Rhind Mathematical Papyrus
The Rhind papyrus is an ancient Egyptian, written on papyrus treatise on various mathematical topics, which we refer to as arithmetic, algebra, geometry, trigonometry, and fractions today. He is next to the slightly older, but less extensive papyrus Moscow 4676 as one of the main sources for our knowledge of mathematics in Ancient Egypt and is dated to about 1550 BC.
Discovery
The papyrus is named after the Scottish lawyer and antiquarian Alexander Henry Rhind, who purchased it in 1858 in Luxor, Upper Egypt. The documents were probably little previously found in or near the Ramesseum in illegal excavations on the opposite Luxor west of the Nile lying area of Thebes, precise circumstances are not known.
Details
The Rhind papyrus was made in the 16th century BC during the Second Intermediate - introduction is the 33rd year of the reign Apopi, a king of the 15th dynasty of the Hyksos, specified as a date - and is in substantial part as the copy of a two centuries old papyrus viewed, which is probably from the reign of Amenemhat III. the 12th Dynasty in the Middle Kingdom came. The copyist, a scribe named Ahmose (after an earlier transcription also Ahmes ), used the hieratic writing and picked up some values and procedures listed in red instead of black ink out, for example, sets of dividers. Today, the Rhind papyrus in the form of fragments of about 5 meters long and about 32 cm wide scroll is present, which is written on both sides, and plays various mathematical problems with exemplary solutions, in total, depending on how you count 84 or 87 tasks. The text was only at the end of the 19th century AD are deciphered and translated, his mathematical statements are decrypted and opened up since the beginning of the 20th century.
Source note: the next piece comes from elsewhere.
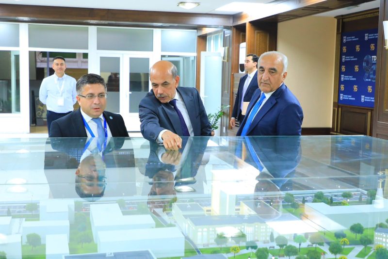 В рамках визита состоялось посещение недавно созданного Международного университета тюркских государств. Ректор университета ТГТУ, профессор Баходир Тураев, проинформировал о работах по созданию и планах на будущее.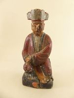Statuette figurant un Dignitaire assis en bois polychrome, rehauts or et argent. Chine. XVIIIe-XIXe siècles. Hauteur : 23,5 cm. (Fentes, manques, cachet cire sur la base)

Content, the manuscript can be divided into three departments. A longer table n 3-101 for all odd numbers the fraction 2 / n is as a sum of unit fractions, found in the first part, which deals with 40 arithmetic and algebraic problems. The second part presents 20 geometrical problems and treated room contents and surface areas of different characters and the ratio of height to side of the body of a pyramid as their inclination. Two dozen more problems form the third part, based on calculations in addition to the production of bread and beer, as well as to the feeding of poultry and cattle, among others, a mystery object is reproduced here to cats and mice.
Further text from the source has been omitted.